| Literature DB >> 29538331 |
Hongjian Li1,2,3, Jiangjun Peng4,5, Yee Leung6, Kwong-Sak Leung7,8, Man-Hon Wong9, Gang Lu10, Pedro J Ballester11,12,13,14.
Abstract
It has recently been claimed that the outstanding performance of machine-learning scoring functions (SFs) is exclusively due to the presence of training complexes with highly similar proteins to those in the test set. Here, we revisit this question using 24 similarity-based training sets, a widely used test set, and four SFs. Three of these SFs employ machine learning instead of the classical linear regression approach of the fourth SF (X-Score which has the best test set performance out of 16 classical SFs). We have found that random forest (RF)-based RF-Score-v3 outperforms X-Score even when 68% of the most similar proteins are removed from the training set. In addition, unlike X-Score, RF-Score-v3 is able to keep learning with an increasing training set size, becoming substantially more predictive than X-Score when the full 1105 complexes are used for training. These results show that machine-learning SFs owe a substantial part of their performance to training on complexes with dissimilar proteins to those in the test set, against what has been previously concluded using the same data. Given that a growing amount of structural and interaction data will be available from academic and industrial sources, this performance gap between machine-learning SFs and classical SFs is expected to enlarge in the future.Keywords: binding affinity prediction; machine learning; molecular docking; scoring function
Mesh:
Year: 2018 PMID: 29538331 PMCID: PMC5871981 DOI: 10.3390/biom8010012
Source DB: PubMed Journal: Biomolecules ISSN: 2218-273X
Figure 1Test set performance of scoring functions (SFs) trained with nested datasets at different protein structural similarity cutoffs. Each of the four SFs (see legend at the right bottom) was trained with 13 nested datasets (i.e., a larger dataset includes all the complexes from the smaller datasets), leading to 13 implementations of each SF. This method to generate datasets was introduced by Li and Yang [9] to include training complexes with increasingly similar proteins to those in the test set (the smaller the data set is, the lower the applied protein structural similarity cutoff was). However, to look deeper into these questions, we incorporated two smaller training sets and also included in the comparison two additional machine-learning SFs (RF::X-Score and RF-Score-v3). For each SF implementation, the performance was calculated as the Pearson correlation between the predicted and the measured binding affinities for the 195 diverse protein–ligand complexes in the test set. We can see that X-Score’s performance levels off with as little as 116 training complexes, hence being unable to exploit the most similar complexes.

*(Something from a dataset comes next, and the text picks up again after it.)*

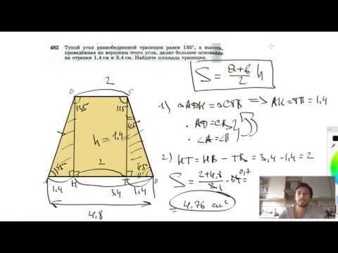 №482. Тупой угол равнобедренной трапеции равен 135°, а высота, проведенная из вершины этого угла, делит большее основание на отрезки 1,4 см и 3,4 см. Найдите площадь трапеции. Поддержать канал рублём - 5469400944002125 (Сбербанк) Мой второй канал для подготовки к ЕГЭ и ОГЭ - https://www.youtube.com/ЕвгенийСумин Инстаграм - https://www.instagram.com/EGE_OGE.math Личный инстаграм - https://www.instagram.com/ee_sumin VK - https://vk.com/evgeniysumin FB - https://www.facebook.com/EvgeniySumin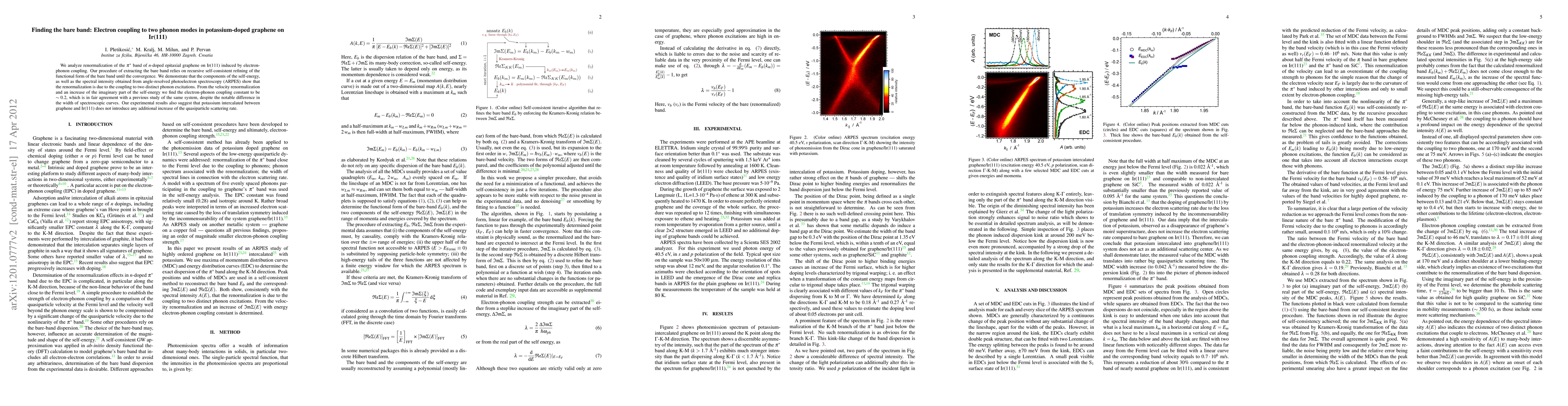 We analyze renormalization of the pi band of n-doped epitaxial graphene on Ir(111) induced by electron-phonon coupling. Our procedure of extracting the bare band relies on recursive self-consistent refining of the functional form of the bare-band until the convergence. We demonstrate that the components of the self-energy, as well as the spectral intensity obtained from angle-resolved photoelectron spectroscopy (ARPES) show that the renormalization is due to the coupling to two distinct phonon excitations. From the velocity renormalization and an increase of the imaginary part of the self-energy we find the electron-phonon coupling constant to be ~0.2, which is in fair agreement with a previous study of the same system, despite the notable difference in the width of spectroscopic curves. Our experimental results also suggest that potassium intercalated between graphene and Ir(111) does not introduce any additional increase of the quasiparticle scattering rate.

By contrast, RF-Score-v3 keeps learning, outperforming X-Score with training sets larger than just 371 complexes. Note the large performance gap between machine-learning SFs and X-Score when the full 1105 complexes were all used for training. Abbreviations: RF, random forest; MLR, multiple linear regression.
Figure 2Test set performance of SFs trained with nested data sets at different protein sequence similarity cutoffs. (a) Instead of protein structural similarity (Figure 1), sequence similarity cutoffs were here employed to build 11 nested training sets, including two training sets smaller than those previously used in [9]. In addition, we also included in the comparison two additional machine-learning SFs (RF::X-Score and RF-Score-v3). Each of the four SFs was trained with these nested data sets, leading to 11 implementations of each SF. Each of the resulting 44 SF implementations was tested against the same 195 diverse protein–ligand complexes in the test set. Analogous conclusions were reached in this case. X-Score cannot benefit from more than 181 training samples, whereas its RF variant (denoted as RF::X-Score) and both RF-Score and RF-Score-v3 keep learning and increasing the correlation of their predicted binding affinities to the experimentally measured values and ultimately surpassed X-Score. (b) This plot reproduces the relevant part of the graphical abstract of Li and Yang’s paper. Note that, to label one training set complex as similar, it was enough that a single test set complex had an above-cutoff similarity to the training complex. Because the test set was generated by picking three representatives of each of the 65 sequence-based clusters, the vast majority of the remaining test complexes would tend to contain a dissimilar protein to that of the similar training complex.